Re: md description for intruction that modifies multiple operands
- From: Richard Earnshaw <rearnsha at arm dot com>
- To: fnf at intrinsity dot com
- Cc: Richard dot Earnshaw at arm dot com, echristo at redhat dot com (Eric Christopher), gcc at gcc dot gnu dot org
- Date: Fri, 30 May 2003 10:23:54 +0100
- Subject: Re: md description for intruction that modifies multiple operands
- Organization: ARM Ltd.
- Reply-to: Richard dot Earnshaw at arm dot com
> > > (set (match_operand:V16SI 4 "register_operand" "=v")
> > > (unspec:V16SI [(match_dup 1) (match_dup 3) (match_dup 7)] 462))
> > > (set (match_operand:V16SI 6 "register_operand" "=v")
> > > (unspec:V16SI [(match_dup 1) (match_dup 3) (match_dup 7)] 463))]
>
> BTW, after seeing the new RTL, I realized that the last "set" above
> should probably be:
>
> (set (match_operand:V16SI 6 "register_operand" "=v")
> (unspec:V16SI [(match_dup 1) (match_dup 3) (match_dup 5)] 463))]
>
> Note the change from 7 -> 5. Hopefully this is correct.
>
> > This looks like an expansion problem. How are you calling
> > gen_fm_block4()? You need to pass 8 arguments to it now, something like
> >
> > gen_fm_block4(t0, t0, t1, t1, t2, t2, t3, t3);
>
> That was the problem. I fixed it and the generated code for the example
> is now:
>
> foo:
> j $31
> block4.m $m0,$m1,$m2,$m3
>
> which is completely optimal. The function args are passed in m0
> through m3, the block4 is called with them in the right order, and the
> function returns with the result left in m0.
>
> However, I'm not clear on whether or not the template guarantees that
> the register allocation will be sequential. I suspect not. So we may
> still have the problem of training the register allocator to ensure
> that the operands to the block4.m instruction are always some
> sequential set of four registers out of the possible 16 (m0-m15).
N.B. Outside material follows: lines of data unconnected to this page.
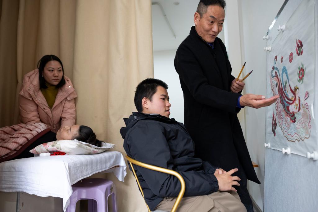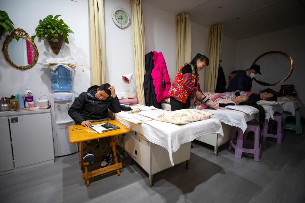 2月25日,胡星(左一)在练习画画,外公和外婆在为顾客做按摩理疗。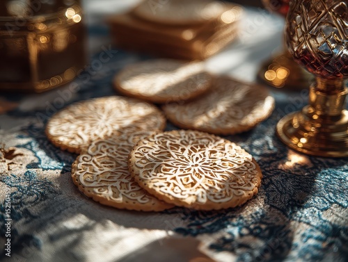 Traditional Middle Eastern style decorative cookies with intricate patterns on a richly textured cloth background with ornate metallic accents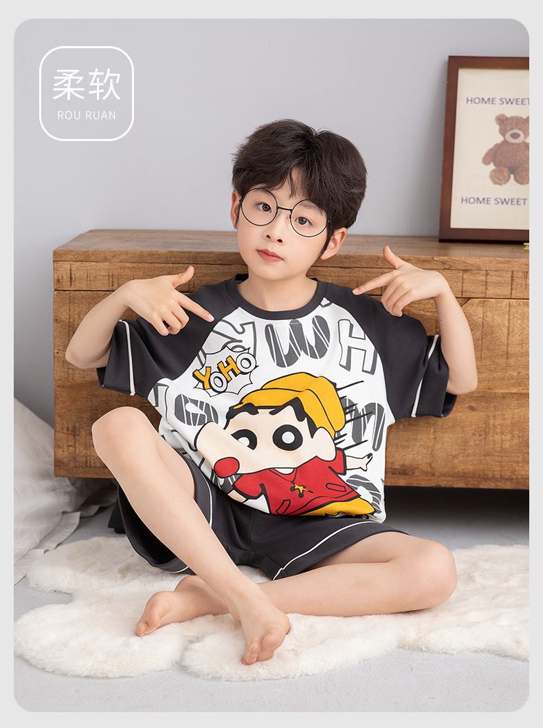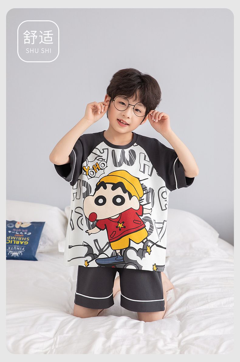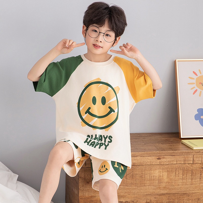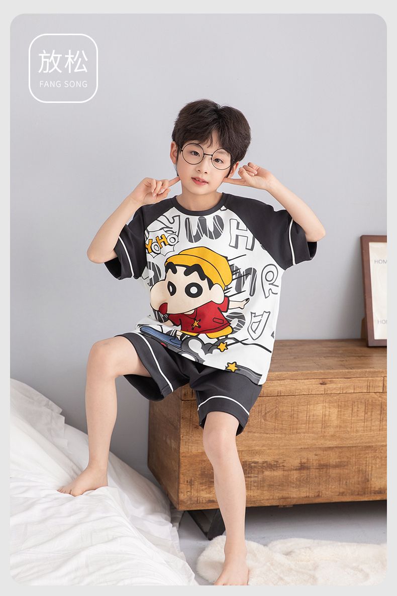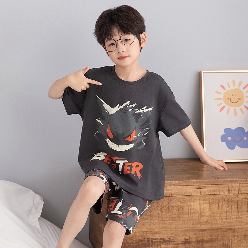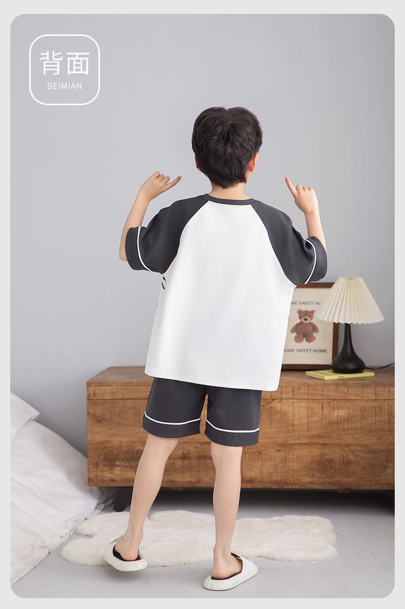 소년 잠옷 여름 라운드 넥 만화 캐주얼 면화 반팔 얇은 중대형 어린이 및 청소년 가정복은 밖에서 착용 가능

There's no way to do this, unfortunately. ARM has a similar problem with
the load-multiple operations. In that case a bit set of registers to load
is encoded in the instruction and the marked registers are filled
sequentially from memory from the lowest numbered register at the lowest
address. We work around this by using specific hard registers for that
pattern and then using peepholes for spotting a few cases
opportunistically. Take a look at the movstrqi pattern in arm.md if you
want some ideas.
>
> I won't even try to think yet about the block4v instruction, which
> requires a set like {m0,m4,m8,m12} or {m1,m5,m9,m13}. :-(
>
Equally impossible for the same reasons, and maybe more ;-(
R.